For comet buffs, a wealth of facts about Halley's

Mankind's Comet, by Guy Ottewell and Fred Schaaf. Greenville, S.C.: Astronomical Workshop, Furman University. ISBN 0-934546-15-0. 193 pp. $22. ``Mankind's Comet,'' by Guy Ottewell and Fred Schaaf, is not exactly a coffeetable book. Mr. Schaaf is a regular columnist for the popular magazine Astronomy. Mr. Ottewell is a free-lance writer who enjoys ``walking around and observing nature.'' Their book has no flashy pictures, but it is filled with anecdotes, bits of history, and a wealth of facts about Halley's comet and the people who have observed it from Earth. It is meant for the coffee table in your mind.

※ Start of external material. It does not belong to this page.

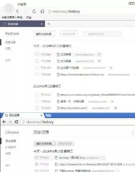 历史记录(上图为“红芯”,下图为“Chrome”)
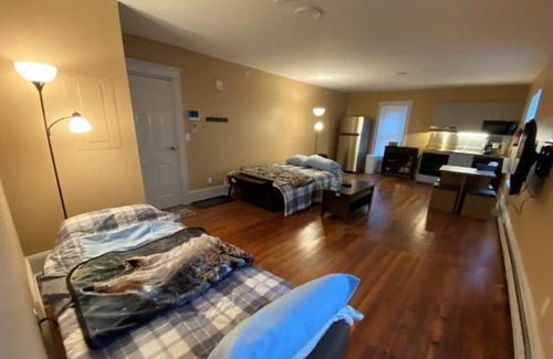 the building is a historical landmark known as the dog built in 1903 with modern electrical, plumbing, heating and cooling This is a multi room apartment, well lit apartment with a living room and a bedroom. The boat slip is across the street and can accommodate up to a 20ft boat. We have completely renovated the building and furnished the units with modern appliances. Come work remote, enjoy the lake, relax and have fun.

``Mankind's Comet'' has a large and unusual format. The pages are about as large as a single page of the Monitor. It is spiral bound so that it may lie flat, a format that suits its large appendices perfectly. The appendices, which comprise almost half the book, depict the 48 orbits of Halley's comet.

In snapshot-like sections spaced by Halley's successive returns, the early chapters take us through the history of the comet and the Earth. For example, under the AD 1301 return is the history of the Italian artist Giotto di Bondone, who, among other works, painted a fresco of the Nativity in which ``for the first time in religious iconography, [the star in the East] is not a star, not a little schematic eight-pointed symbol; it is a comet, huge and realistic. . . .'' And, of course, the spacecraft that the European Space Agency sent to visit the comet was named ``Giotto.''

In the glimpses we get of some of the observers and scientists who have watched the comet, we begin to understand the importance of comets to the development of astronomy. The so-called Messier objects -- nebulae and globular clusters -- were cataloged so that a very diligent comet seeker would not mistake them for comets. Messier was so fanatical in his searches that King Louis XV called him the ``comet ferret.''

Several chapters deal with the astronomy of comets: How they are discovered and named, how they are related to meteor showers, what they are, and where they come from. These chapters are delightful; it is like having a very patient and knowledgeable uncle carefully answering your questions in a manner that you can understand. The authors don't assume you've mastered your first astronomy class, merely that you are interested and will listen to the explanation.

Not only do they include the necessary formulas and methods an amateur astronomer will need to report his own observations of Halley, but they also enliven our appreciation of these conventions by giving the history and rationale behind them -- removing the mystery, adding depth, and firing the interest.